_Raw data_
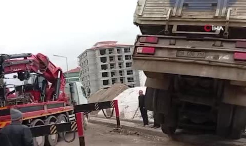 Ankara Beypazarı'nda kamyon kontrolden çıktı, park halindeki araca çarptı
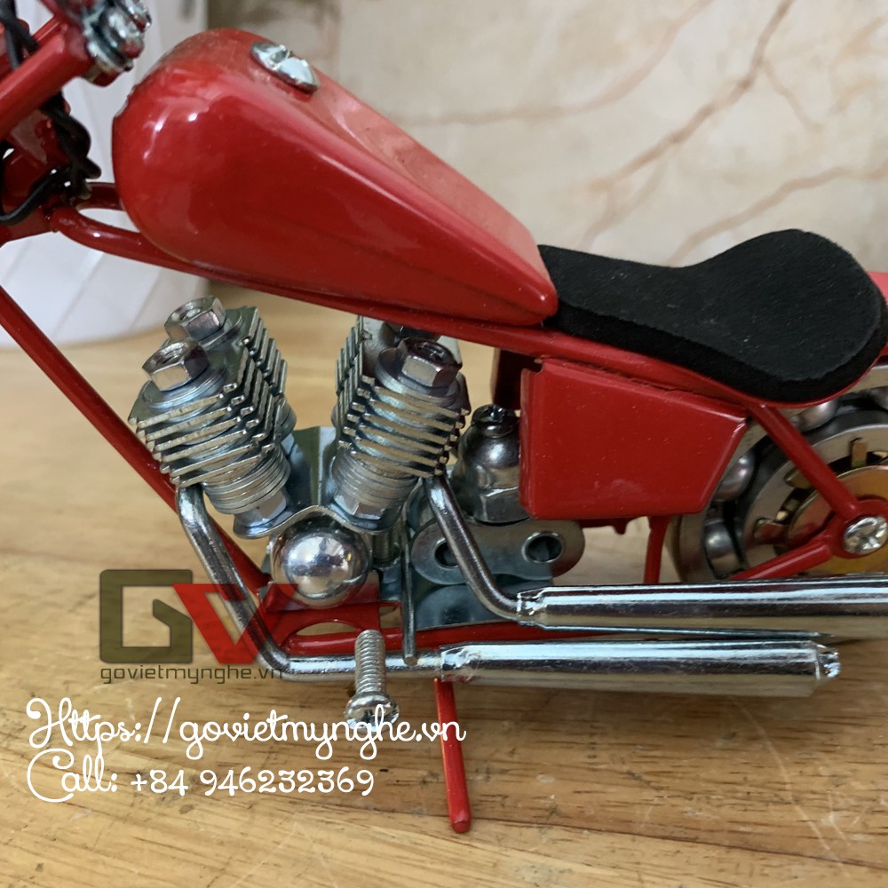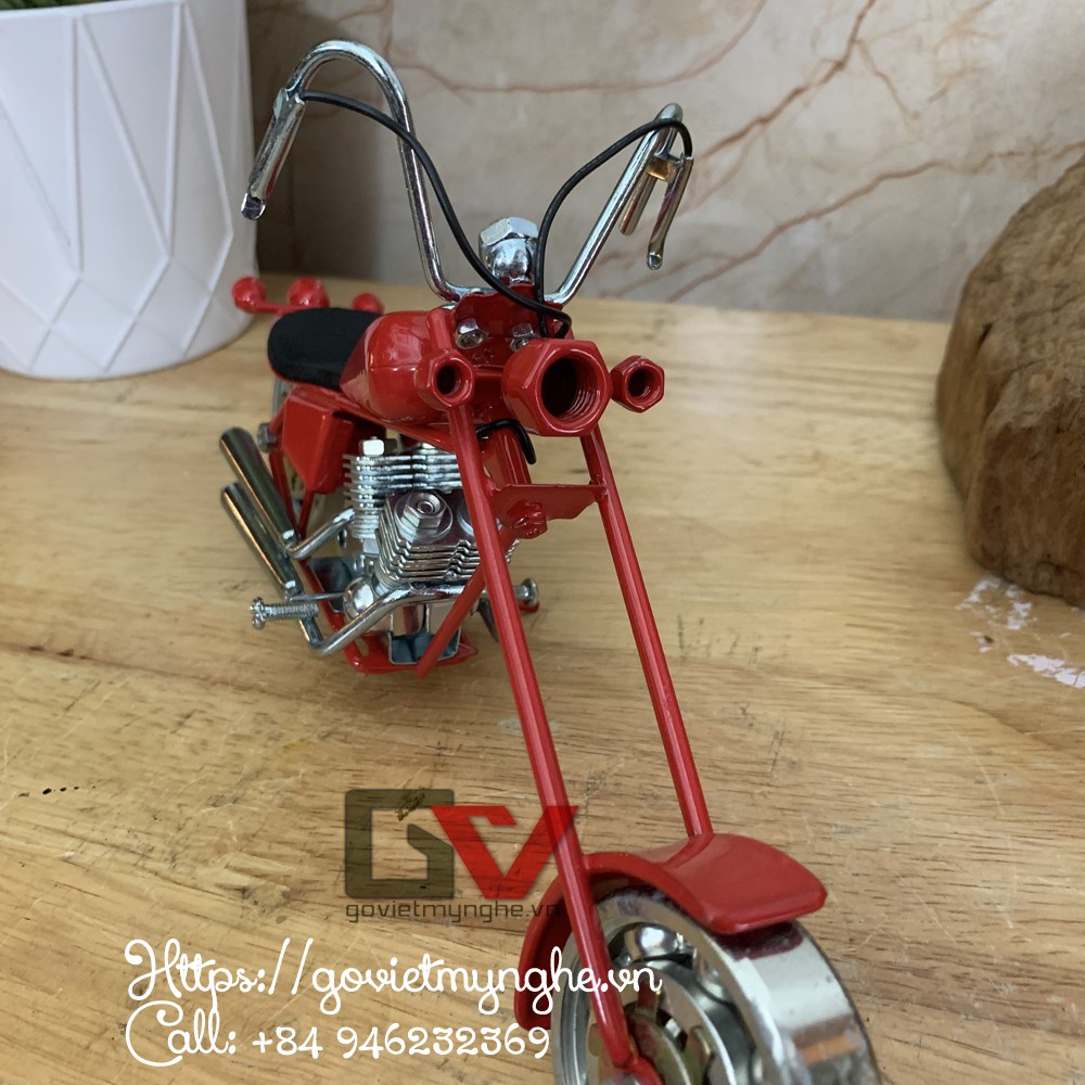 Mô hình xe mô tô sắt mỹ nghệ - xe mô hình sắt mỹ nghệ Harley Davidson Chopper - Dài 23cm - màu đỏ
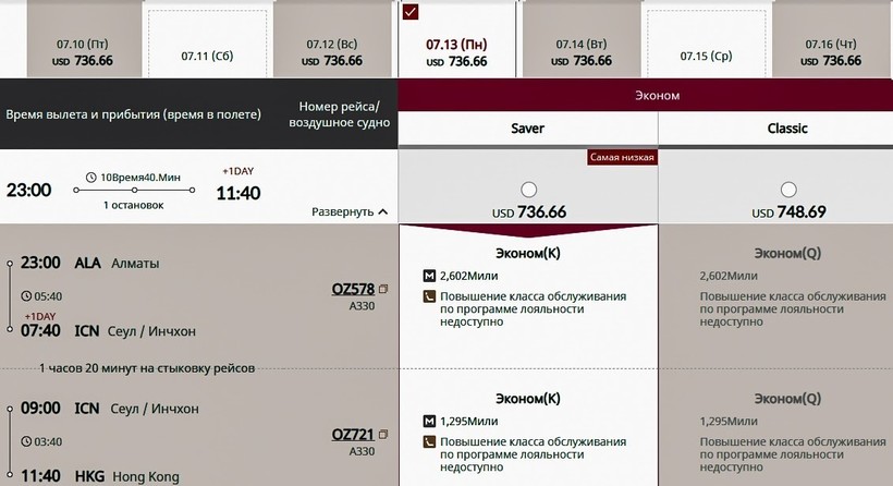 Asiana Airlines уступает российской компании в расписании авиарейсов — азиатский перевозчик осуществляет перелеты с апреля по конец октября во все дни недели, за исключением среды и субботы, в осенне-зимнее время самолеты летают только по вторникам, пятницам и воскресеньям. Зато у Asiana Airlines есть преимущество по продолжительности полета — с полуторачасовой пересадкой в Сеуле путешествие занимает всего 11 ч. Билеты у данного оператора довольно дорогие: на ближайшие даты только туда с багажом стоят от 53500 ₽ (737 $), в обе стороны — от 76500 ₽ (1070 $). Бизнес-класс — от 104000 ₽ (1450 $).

_Goal of the exercise_
Repeat the material above exactly; pictures do not belong in the copy.

_Written answer_
 Ankara Beypazarı'nda kamyon kontrolden çıktı, park halindeki araca çarptı
 Mô hình xe mô tô sắt mỹ nghệ - xe mô hình sắt mỹ nghệ Harley Davidson Chopper - Dài 23cm - màu đỏ
 Asiana Airlines уступает российской компании в расписании авиарейсов — азиатский перевозчик осуществляет перелеты с апреля по конец октября во все дни недели, за исключением среды и субботы, в осенне-зимнее время самолеты летают только по вторникам, пятницам и воскресеньям. Зато у Asiana Airlines есть преимущество по продолжительности полета — с полуторачасовой пересадкой в Сеуле путешествие занимает всего 11 ч. Билеты у данного оператора довольно дорогие: на ближайшие даты только туда с багажом стоят от 53500 ₽ (737 $), в обе стороны — от 76500 ₽ (1070 $). Бизнес-класс — от 104000 ₽ (1450 $).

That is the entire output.